I walked into the kitchen. “How did you gain weight?” I asked, puzzled. “We weren’t allowed to eat.”

They exchanged glances. “No one fed you?” Blair said slowly. “I know it’s a rule, Jordy, but you can be honest with us. It’s over now. You did eat, right?”

“No one fed me.” I was confused. “They told us we weren’t supposed to eat or drink all week. I’ve never been so hungry in my life.”

“So you turned down food?” Jeff asked. “Really, Jordy, you didn’t have to do that.”

“No one offered me anything.” I shook my head. “What are you guys talking about? You’re not making any sense.” I turned on the stove and got the thawed pack of ground sirloin out and put it on the counter.

“Seriously, Jordy, you don’t have to cover for anyone,” Blair insisted. “Did you or did you not get fed this week?”

I started making patties. “No, I’m not covering for anyone.
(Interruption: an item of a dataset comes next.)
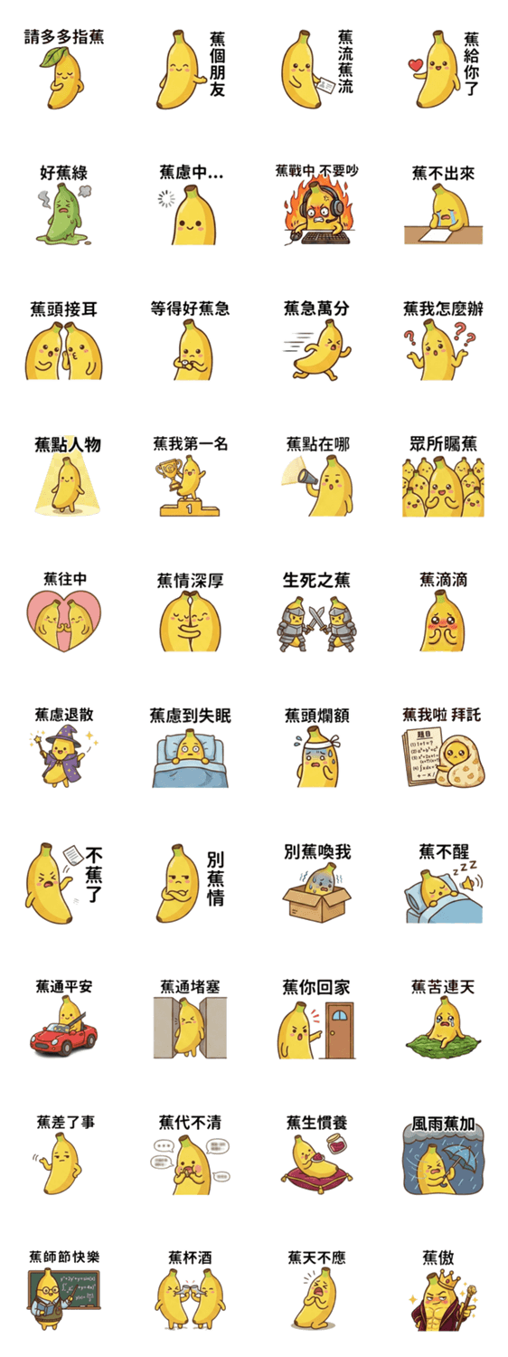 | スタンプ説明 | 40 banana stickers to spice up your daily chat. From "Going Bananas" to "Peel-ing Fine," these expressive fruits help you vent, joke, and socialize with style! |

No one fed me.” I got a skillet down and placed the patties in it. “Were they supposed to? I’m confused. I thought we weren’t supposed to eat.”
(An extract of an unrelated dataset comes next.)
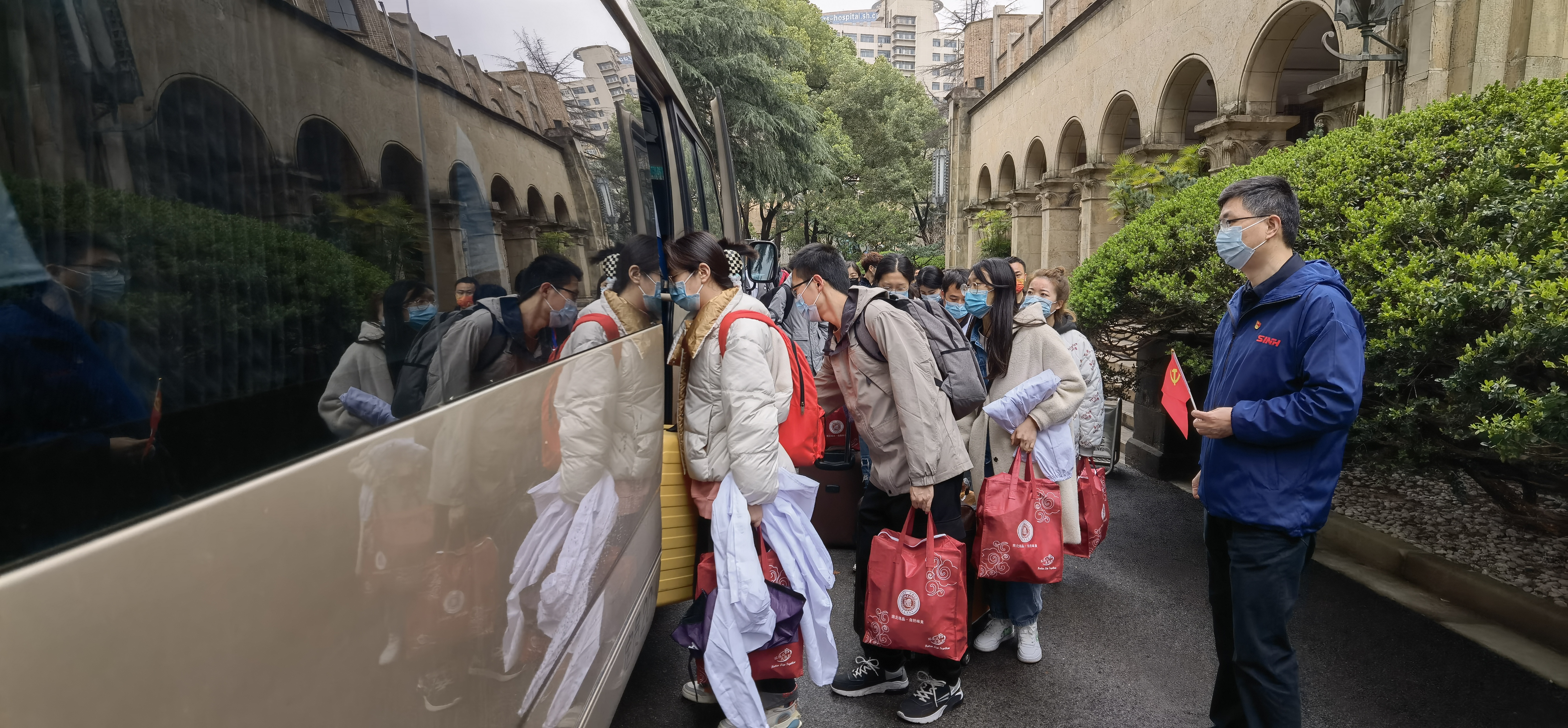 3月18日,澎湃新闻(www.thepaper.cn)获悉,18日上午,中科院上海分院系统在上海市徐汇区岳阳路320号举行简短“出征”仪式。中科院上海营养与健康研究所(以下简称“营养与健康所”)核酸检测志愿队首批28名志愿者、中科院分子细胞卓越中心首批17名志愿者、中科院上海巴斯德所首批14名志愿者,会同其他兄弟单位的志愿者,一同启程奔赴上海市嘉定区核酸检测应急实验室,支援抗击新冠疫情。

“I hate to break it to you, but yes,” Jeff explained. “It’s a rule, yes, but brothers break it all the time. It’s all a part of the game. They kidnap you off campus and take you to Carl’s Jr. or something. Or they sneak you into their rooms and give you food. You’re not supposed to go all week without being fed, Jordy—you’re just not supposed to get caught.”

The burgers began sizzling. I sprinkled salt, pepper, basil, and thyme on them and covered the skillet with a lid. “I don’t understand.” I shook my head. “My brain is fried, frankly. So you’re saying brothers were supposed to feed us this week?”

They nodded in unison. “Hell Week is a game,” Blair went on. “There are rules, sure, but the brothers are supposed to help the pledges through the week.”

“Your big brother didn’t feed you?” A muscle worked in Jeff’s jaw. “That’s his goddamned job. You’re not supposed to starve!” He slammed his fist down on the bar. “Christ!”

“I fed Jeff so much during Hell Week he actually gained weight.” Blair grinned, tousling Jeff’s hair playfully. “And like I said, I gained three pounds during mine.”

“No, Roger didn’t feed me at all.” I flipped the burgers and salted that side. “You guys sure you don’t want one?” My mind was racing. Roger was supposed to feed me? To take care of me all week?

I was starting to feel a little sick. Roger had been distant—friendly and polite but never rude. I’d asked him to do things with me, but he always turned me down with a very polite smile. True, I’d been spending a lot of time with Chad, but it wasn’t like I’d been blowing Roger off.

They both nodded. “I thought Roger would make a better big brother than that,” Jeff said, taking a swig from his bottle of Coke. He sighed. “I thought he’d make a great big brother.”

“Roger hasn’t spoken to me in weeks,” I said, getting out the hamburger buns and putting two in the toaster. “Well, not really since Big Brother Night.” I shrugged. “I try, but he just won’t have anything to do with me, and you can only slam your head into a brick wall so many times.”

“That’s weird,” Blair commented. “Did something happen on Big Brother Night?”

I shrugged as I started slicing an onion. My eyes started watering. “I thought we were friends, but he really hates Chad York.” I cut the onion into thick slices. “And when I started hanging out with him—”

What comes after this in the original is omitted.